I see and acknowledge the number of other request for more detailed power quality information and ways to view it.

My credentials are and I.T. professional with over 11 years of experience and I’m a certified AWS Cloud Practitioner. (Not flexing, only providing context for my point of view.) I can see in my network flows that my Sense unit makes regular uploads to AWS S3 buckets (Simple Storage Service) I know that has a reoccurring monthly fee based on amount of data uploaded and amount of data stored over time, and that cost varies depending on the storage tier (speed and access frequency) I personally would like to keep a year of data on my own storage for logging and submission to the power company. I however don’t think that’s sustainable for Sense to pay for considering the product while high priced then competition also has no reoccurring fees. I also, will not pay a monthly subscription for what amounts to storing and occasionally processing a CSV file. I can do that my self.

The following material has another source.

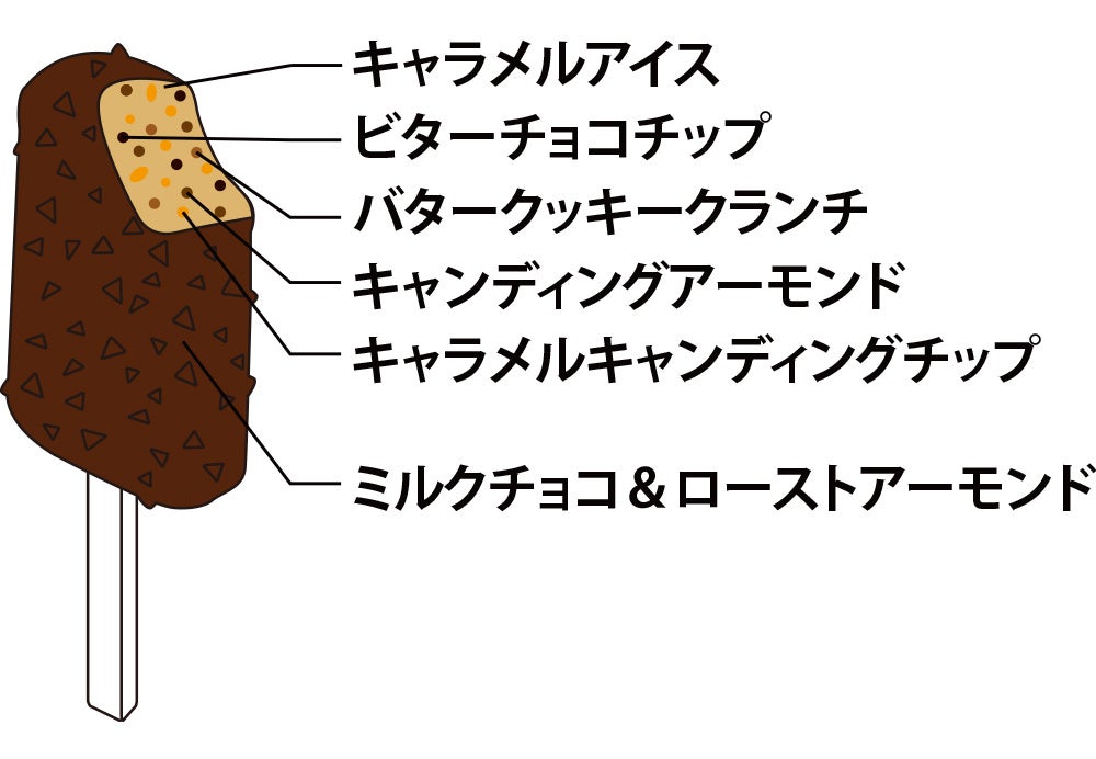 アイスの中にビターチョコチップ、キャンディングアーモンド、キャラメルチップ、クッキークランチを混ぜ込み食感を楽しめるアイスです。
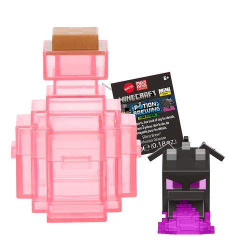 Η μαγεία του Minecraft αποκτά χρώμα και γλοιώδη υφή με το ροζ φίλτρο Slimy Brew! Η σειρά Mini Mode - Potion Brewing της Mattel προσφέρει μοναδικές στιγμές αποσυσκευασίας γεμάτες έκπληξη, slime και μεταμορφώσεις με Colour Reveal! Το ροζ δοχείο σε σχήμα φίλτρου περιέχει μια τυχαία μίνι φιγούρα Minecraft, καθώς και ένα φακελάκι Slimy Brew Potion Particles.

I also felt it would be beneficial for the short term if my suggestion would be not code heavy. A productized interface would provide a lot of value and would be the way for the company to go long term IMO, especially for less technical people.

I’m on mobile at the moment so I don’t have the date in front of me, but I think the original request for granular data visualization is 3+ years old. Schedule weekly export of raw data CSV to storages with existing APIs (except iCloud) would be reasonable for an experienced Dev to drop in under a month. It’s also something that could be worked into the productized interface later for more advanced users that would like more agency over their data.

I’m not always the best with how I word my response. I hope this doesn’t come off as combative or condescending. And I do thank you for sharing what you did. I know I don’t have the full picture or any insight to the inner workings. Again thank you for the link to HA. It will probably be a while before I have the chance to try, but if I can use that to make simple exports of the L1 and L2 voltages over time, then that would be what I’m looking for.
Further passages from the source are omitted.